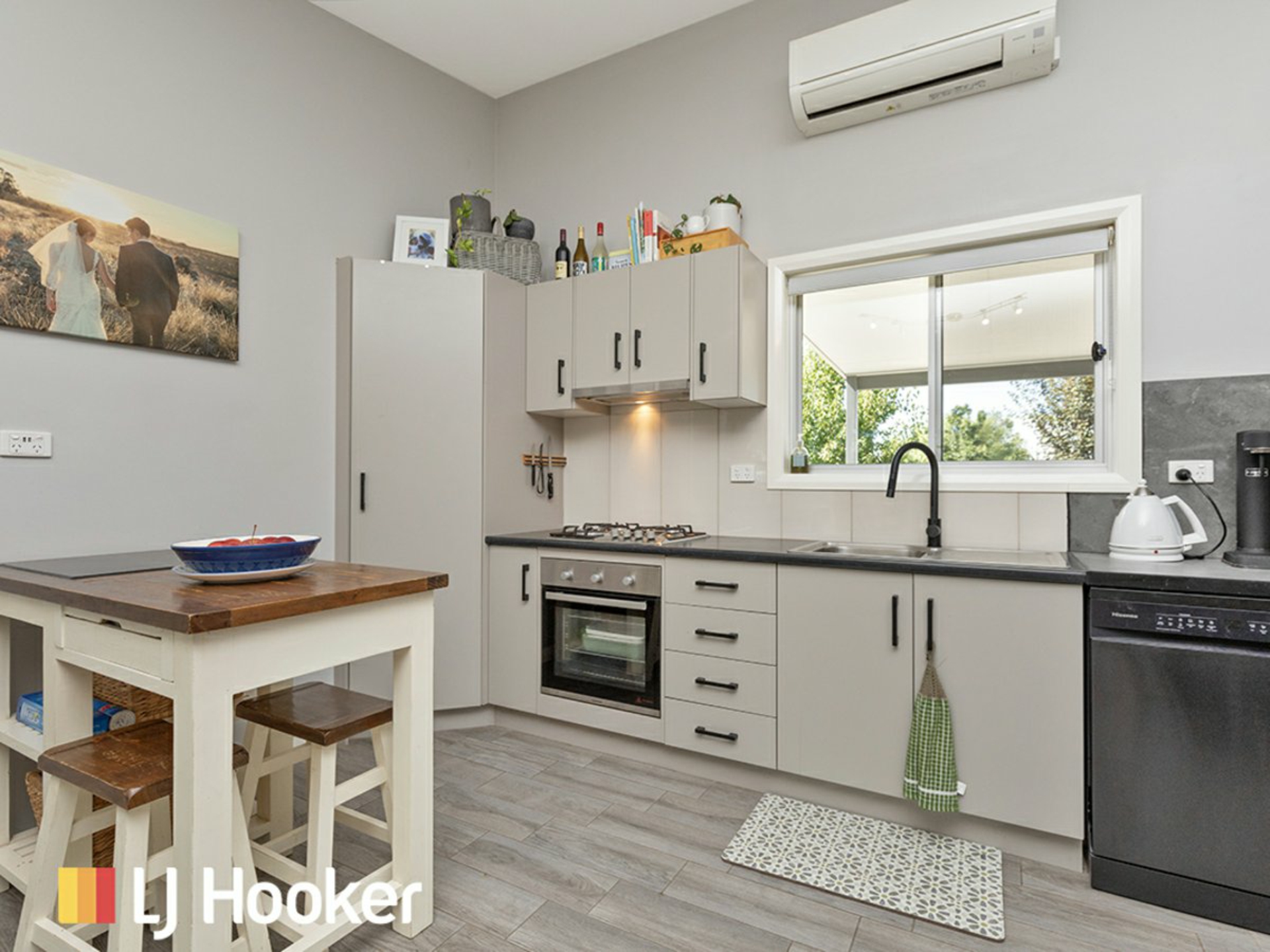 Inside, you’ll find a modern layout designed for comfort and practicality. Both bedrooms include built-in wardrobes and ceiling fans, while the reverse cycle split system ensures year-round climate control. The light-filled living spaces create a welcoming feel, making it easy to settle in and enjoy.
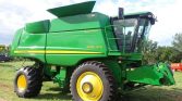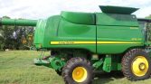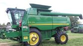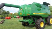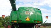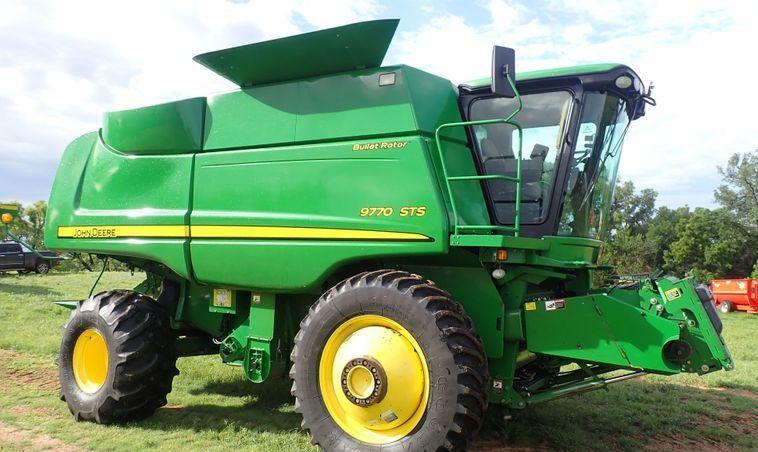 The 2008 John Deere 9770 STS combine has 3,033 engine hours and 2,218 separator hours. It is powered by a diesel engine with a hydrostatic transmission offering 3 forward and 3 reverse gears.
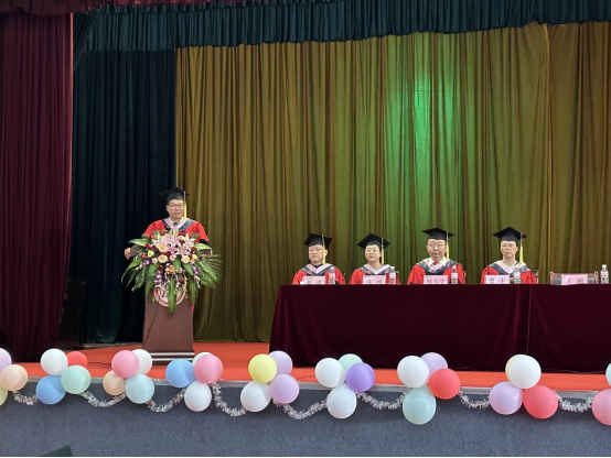 陈珂作教师代表发言。在表达了对毕业生们的祝贺后希望毕业生们“要志存高远,砥砺前行,始终坚持育人原则,做一个肩上有责任之人;要奋力实干,决不躺平,始终保持育心理念,做一个眼里有梦想之人”。

| Action item |
Everything from the line with "The 2008 John" through the last line above must be repeated exactly, except the pictures.

| Worked solution |
 The 2008 John Deere 9770 STS combine has 3,033 engine hours and 2,218 separator hours. It is powered by a diesel engine with a hydrostatic transmission offering 3 forward and 3 reverse gears.
 陈珂作教师代表发言。在表达了对毕业生们的祝贺后希望毕业生们“要志存高远,砥砺前行,始终坚持育人原则,做一个肩上有责任之人;要奋力实干,决不躺平,始终保持育心理念,做一个眼里有梦想之人”。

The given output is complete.